START AVAILABLE RECORDS
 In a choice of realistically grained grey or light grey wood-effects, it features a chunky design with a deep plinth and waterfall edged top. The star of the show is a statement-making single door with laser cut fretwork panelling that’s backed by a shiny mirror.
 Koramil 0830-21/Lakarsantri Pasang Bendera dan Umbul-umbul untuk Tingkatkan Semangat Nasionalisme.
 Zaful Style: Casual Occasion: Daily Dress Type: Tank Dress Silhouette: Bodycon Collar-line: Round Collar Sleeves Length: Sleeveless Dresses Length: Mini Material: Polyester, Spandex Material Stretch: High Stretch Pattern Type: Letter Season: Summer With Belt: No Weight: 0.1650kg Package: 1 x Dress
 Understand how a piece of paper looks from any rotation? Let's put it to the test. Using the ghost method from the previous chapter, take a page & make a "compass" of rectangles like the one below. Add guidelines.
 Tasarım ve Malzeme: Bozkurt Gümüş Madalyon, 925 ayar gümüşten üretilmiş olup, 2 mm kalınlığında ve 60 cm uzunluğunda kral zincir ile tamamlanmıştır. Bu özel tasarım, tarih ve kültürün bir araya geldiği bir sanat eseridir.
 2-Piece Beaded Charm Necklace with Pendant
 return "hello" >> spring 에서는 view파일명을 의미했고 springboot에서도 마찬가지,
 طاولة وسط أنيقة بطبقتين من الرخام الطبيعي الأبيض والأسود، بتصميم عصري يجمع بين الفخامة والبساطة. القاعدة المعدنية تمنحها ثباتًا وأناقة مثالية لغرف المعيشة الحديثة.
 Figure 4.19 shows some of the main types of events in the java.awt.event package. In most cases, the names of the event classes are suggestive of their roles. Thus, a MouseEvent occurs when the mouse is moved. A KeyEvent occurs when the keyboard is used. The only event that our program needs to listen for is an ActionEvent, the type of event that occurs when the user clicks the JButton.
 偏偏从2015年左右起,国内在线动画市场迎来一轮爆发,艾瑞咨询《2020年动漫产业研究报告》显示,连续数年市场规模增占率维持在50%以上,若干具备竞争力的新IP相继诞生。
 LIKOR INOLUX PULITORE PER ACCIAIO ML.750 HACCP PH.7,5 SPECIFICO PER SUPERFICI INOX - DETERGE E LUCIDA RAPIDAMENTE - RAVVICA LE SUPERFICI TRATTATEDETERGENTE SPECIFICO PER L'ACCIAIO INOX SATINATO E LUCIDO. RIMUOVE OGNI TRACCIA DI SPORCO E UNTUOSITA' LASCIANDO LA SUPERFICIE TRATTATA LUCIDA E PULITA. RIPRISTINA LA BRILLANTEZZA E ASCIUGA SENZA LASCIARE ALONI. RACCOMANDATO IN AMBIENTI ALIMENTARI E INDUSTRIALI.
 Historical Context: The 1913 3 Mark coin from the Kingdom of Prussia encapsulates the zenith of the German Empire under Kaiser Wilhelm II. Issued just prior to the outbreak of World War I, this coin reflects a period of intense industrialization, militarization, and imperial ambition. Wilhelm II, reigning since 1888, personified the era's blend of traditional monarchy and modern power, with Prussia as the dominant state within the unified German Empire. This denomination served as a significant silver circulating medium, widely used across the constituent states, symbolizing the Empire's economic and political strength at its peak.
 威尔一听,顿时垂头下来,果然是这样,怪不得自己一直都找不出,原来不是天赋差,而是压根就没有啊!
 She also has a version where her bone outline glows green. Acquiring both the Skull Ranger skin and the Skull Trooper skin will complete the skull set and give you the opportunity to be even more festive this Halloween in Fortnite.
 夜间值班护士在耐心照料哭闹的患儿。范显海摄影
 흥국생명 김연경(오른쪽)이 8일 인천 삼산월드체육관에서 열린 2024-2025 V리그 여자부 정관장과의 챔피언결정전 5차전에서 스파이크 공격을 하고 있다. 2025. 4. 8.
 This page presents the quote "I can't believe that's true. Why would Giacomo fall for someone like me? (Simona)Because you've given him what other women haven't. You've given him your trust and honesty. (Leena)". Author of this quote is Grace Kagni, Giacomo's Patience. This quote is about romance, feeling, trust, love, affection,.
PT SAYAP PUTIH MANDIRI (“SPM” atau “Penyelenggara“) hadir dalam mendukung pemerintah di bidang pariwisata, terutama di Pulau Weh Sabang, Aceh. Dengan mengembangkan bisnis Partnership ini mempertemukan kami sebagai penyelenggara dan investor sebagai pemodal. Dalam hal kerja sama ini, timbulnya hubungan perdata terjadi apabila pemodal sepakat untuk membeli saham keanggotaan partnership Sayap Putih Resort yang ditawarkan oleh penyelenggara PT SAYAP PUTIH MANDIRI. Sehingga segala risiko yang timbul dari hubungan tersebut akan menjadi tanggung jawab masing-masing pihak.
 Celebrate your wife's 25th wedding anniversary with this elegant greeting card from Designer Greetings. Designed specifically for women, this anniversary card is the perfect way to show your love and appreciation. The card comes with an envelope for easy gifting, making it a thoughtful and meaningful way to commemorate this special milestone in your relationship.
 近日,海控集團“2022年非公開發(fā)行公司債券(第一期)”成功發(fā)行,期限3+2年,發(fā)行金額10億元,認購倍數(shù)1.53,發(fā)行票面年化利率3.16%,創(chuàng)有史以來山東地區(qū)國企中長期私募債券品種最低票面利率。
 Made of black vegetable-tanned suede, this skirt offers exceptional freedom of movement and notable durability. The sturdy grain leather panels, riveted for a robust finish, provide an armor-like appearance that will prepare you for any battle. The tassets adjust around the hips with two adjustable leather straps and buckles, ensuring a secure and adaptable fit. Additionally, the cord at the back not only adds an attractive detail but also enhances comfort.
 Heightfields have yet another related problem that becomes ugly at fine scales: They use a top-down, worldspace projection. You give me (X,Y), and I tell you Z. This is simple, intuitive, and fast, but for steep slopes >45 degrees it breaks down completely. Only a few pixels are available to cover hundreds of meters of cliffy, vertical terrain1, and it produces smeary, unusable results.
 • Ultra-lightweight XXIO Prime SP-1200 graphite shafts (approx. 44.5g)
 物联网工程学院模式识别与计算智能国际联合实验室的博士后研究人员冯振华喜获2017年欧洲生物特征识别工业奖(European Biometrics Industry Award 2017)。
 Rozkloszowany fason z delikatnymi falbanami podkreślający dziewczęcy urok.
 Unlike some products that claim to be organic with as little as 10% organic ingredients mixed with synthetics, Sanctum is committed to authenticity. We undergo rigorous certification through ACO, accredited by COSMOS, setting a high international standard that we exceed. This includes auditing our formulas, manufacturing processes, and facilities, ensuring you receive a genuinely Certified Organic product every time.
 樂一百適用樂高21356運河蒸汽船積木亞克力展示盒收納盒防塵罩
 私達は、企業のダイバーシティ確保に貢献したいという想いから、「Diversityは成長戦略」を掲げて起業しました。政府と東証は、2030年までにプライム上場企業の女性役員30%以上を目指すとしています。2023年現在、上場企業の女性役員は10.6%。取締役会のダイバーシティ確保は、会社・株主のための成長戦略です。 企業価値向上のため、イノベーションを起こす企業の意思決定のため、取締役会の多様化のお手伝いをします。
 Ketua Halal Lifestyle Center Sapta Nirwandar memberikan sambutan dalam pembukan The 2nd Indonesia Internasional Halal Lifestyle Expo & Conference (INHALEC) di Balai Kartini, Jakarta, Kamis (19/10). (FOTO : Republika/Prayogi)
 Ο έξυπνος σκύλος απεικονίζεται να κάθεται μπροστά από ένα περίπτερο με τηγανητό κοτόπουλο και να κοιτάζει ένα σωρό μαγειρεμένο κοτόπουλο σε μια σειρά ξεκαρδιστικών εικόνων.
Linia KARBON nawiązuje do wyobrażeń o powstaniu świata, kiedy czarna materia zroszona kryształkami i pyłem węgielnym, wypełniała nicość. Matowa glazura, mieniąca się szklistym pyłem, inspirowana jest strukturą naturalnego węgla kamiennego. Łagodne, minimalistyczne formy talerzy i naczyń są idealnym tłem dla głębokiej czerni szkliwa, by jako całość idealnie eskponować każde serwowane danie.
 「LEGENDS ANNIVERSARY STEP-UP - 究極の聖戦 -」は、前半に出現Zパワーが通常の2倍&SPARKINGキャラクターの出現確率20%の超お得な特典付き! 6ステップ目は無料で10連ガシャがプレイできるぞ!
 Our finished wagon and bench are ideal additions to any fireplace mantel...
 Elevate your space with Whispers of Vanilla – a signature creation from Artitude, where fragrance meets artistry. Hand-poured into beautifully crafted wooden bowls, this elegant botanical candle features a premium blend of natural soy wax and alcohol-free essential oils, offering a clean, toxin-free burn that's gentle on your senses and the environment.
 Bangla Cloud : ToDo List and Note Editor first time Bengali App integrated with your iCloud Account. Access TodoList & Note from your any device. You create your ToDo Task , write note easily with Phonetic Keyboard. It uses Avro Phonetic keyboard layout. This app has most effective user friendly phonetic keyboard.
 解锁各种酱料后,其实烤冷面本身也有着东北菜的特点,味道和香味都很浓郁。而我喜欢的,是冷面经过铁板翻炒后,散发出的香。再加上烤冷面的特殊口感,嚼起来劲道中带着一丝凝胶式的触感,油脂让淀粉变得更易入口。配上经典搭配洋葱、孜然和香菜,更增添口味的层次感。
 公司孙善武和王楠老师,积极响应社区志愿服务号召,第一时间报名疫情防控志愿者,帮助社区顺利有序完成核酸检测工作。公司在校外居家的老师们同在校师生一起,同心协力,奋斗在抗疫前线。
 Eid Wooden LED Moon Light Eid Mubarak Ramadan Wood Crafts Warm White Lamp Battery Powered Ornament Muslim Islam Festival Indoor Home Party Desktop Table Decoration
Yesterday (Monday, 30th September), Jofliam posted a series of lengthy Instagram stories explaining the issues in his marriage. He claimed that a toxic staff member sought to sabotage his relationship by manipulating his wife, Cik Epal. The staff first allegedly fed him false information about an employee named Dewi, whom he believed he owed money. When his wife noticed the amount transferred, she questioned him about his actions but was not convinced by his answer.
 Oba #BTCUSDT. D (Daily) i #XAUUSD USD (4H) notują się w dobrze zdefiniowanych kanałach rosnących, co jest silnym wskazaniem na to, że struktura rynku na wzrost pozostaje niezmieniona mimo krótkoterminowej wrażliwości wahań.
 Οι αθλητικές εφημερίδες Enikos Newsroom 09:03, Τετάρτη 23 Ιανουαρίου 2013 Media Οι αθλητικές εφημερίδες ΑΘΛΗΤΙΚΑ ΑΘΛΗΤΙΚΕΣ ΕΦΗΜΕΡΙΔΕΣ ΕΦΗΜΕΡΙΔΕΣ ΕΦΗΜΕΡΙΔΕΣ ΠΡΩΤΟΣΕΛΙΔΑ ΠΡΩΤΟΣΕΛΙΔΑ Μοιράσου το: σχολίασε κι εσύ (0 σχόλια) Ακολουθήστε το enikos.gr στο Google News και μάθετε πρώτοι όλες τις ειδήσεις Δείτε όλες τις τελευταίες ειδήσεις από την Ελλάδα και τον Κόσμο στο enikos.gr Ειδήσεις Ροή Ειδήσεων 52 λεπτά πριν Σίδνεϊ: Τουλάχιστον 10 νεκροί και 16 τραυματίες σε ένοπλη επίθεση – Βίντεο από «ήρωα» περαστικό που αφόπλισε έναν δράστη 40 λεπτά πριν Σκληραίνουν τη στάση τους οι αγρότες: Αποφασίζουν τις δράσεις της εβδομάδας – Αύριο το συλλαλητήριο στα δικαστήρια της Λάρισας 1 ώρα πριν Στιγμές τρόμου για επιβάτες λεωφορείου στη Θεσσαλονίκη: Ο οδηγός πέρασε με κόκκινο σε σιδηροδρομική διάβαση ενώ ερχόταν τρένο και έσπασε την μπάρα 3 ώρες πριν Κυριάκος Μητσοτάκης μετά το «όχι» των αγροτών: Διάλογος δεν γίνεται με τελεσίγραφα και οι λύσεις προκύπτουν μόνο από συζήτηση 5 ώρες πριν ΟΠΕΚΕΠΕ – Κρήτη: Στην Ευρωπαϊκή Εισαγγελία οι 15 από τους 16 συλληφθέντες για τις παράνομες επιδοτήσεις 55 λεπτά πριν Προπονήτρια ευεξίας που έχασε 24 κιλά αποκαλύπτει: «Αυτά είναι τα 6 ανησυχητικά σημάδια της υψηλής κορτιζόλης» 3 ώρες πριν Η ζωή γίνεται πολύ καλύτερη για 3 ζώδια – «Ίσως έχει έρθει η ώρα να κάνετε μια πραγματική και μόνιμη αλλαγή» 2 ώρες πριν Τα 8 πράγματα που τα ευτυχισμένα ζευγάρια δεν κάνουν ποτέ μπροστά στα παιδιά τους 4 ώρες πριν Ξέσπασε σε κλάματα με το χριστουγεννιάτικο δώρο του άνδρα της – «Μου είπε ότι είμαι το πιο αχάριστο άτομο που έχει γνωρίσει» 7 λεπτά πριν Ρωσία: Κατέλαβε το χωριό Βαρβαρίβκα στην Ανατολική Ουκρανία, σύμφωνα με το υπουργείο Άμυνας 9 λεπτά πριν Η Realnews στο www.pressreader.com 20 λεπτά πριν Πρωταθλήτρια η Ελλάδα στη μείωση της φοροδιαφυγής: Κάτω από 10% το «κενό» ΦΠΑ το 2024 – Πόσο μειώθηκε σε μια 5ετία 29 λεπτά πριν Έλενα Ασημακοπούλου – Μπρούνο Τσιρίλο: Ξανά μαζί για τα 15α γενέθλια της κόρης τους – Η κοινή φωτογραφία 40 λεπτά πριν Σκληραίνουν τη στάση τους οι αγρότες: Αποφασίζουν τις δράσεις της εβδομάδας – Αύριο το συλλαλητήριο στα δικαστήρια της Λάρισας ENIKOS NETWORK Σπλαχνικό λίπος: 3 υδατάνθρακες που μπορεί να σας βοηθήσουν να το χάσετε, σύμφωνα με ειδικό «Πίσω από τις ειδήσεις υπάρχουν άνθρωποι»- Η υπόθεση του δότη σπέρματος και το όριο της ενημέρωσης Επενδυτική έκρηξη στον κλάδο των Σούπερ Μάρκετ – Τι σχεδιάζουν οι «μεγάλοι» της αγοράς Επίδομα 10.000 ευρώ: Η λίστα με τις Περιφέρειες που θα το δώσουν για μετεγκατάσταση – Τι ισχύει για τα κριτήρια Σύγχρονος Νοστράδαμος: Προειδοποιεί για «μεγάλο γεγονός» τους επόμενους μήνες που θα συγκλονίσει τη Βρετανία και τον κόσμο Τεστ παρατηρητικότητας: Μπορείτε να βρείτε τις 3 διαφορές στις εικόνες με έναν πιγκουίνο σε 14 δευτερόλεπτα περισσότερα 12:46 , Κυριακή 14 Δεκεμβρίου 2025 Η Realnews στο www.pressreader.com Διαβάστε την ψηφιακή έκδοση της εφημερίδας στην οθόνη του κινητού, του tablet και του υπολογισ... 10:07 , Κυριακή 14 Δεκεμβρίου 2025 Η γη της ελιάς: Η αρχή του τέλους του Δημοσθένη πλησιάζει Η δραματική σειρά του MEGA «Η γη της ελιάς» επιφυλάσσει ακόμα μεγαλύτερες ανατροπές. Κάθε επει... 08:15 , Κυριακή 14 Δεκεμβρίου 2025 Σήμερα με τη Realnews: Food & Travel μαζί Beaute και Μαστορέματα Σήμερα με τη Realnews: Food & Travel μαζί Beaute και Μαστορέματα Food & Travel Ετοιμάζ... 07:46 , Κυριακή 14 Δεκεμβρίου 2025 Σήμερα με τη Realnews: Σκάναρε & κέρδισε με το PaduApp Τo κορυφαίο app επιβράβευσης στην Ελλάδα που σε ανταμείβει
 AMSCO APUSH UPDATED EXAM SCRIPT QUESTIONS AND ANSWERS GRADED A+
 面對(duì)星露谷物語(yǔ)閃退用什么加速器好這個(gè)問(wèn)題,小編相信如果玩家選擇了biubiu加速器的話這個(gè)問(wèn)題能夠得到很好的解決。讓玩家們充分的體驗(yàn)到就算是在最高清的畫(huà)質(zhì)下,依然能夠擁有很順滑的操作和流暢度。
END AVAILABLE RECORDS
### WHAT THE TASK ASKS
Within the listing above, give again exactly every line from the line with "Elevate your space" through the line with "Oba #BTCUSDT. D", both included, and no other line.

### RESULT FOR THIS EXERCISE
 Elevate your space with Whispers of Vanilla – a signature creation from Artitude, where fragrance meets artistry. Hand-poured into beautifully crafted wooden bowls, this elegant botanical candle features a premium blend of natural soy wax and alcohol-free essential oils, offering a clean, toxin-free burn that's gentle on your senses and the environment.
 Bangla Cloud : ToDo List and Note Editor first time Bengali App integrated with your iCloud Account. Access TodoList & Note from your any device. You create your ToDo Task , write note easily with Phonetic Keyboard. It uses Avro Phonetic keyboard layout. This app has most effective user friendly phonetic keyboard.
 解锁各种酱料后,其实烤冷面本身也有着东北菜的特点,味道和香味都很浓郁。而我喜欢的,是冷面经过铁板翻炒后,散发出的香。再加上烤冷面的特殊口感,嚼起来劲道中带着一丝凝胶式的触感,油脂让淀粉变得更易入口。配上经典搭配洋葱、孜然和香菜,更增添口味的层次感。
 公司孙善武和王楠老师,积极响应社区志愿服务号召,第一时间报名疫情防控志愿者,帮助社区顺利有序完成核酸检测工作。公司在校外居家的老师们同在校师生一起,同心协力,奋斗在抗疫前线。
 Eid Wooden LED Moon Light Eid Mubarak Ramadan Wood Crafts Warm White Lamp Battery Powered Ornament Muslim Islam Festival Indoor Home Party Desktop Table Decoration
Yesterday (Monday, 30th September), Jofliam posted a series of lengthy Instagram stories explaining the issues in his marriage. He claimed that a toxic staff member sought to sabotage his relationship by manipulating his wife, Cik Epal. The staff first allegedly fed him false information about an employee named Dewi, whom he believed he owed money. When his wife noticed the amount transferred, she questioned him about his actions but was not convinced by his answer.
 Oba #BTCUSDT. D (Daily) i #XAUUSD USD (4H) notują się w dobrze zdefiniowanych kanałach rosnących, co jest silnym wskazaniem na to, że struktura rynku na wzrost pozostaje niezmieniona mimo krótkoterminowej wrażliwości wahań.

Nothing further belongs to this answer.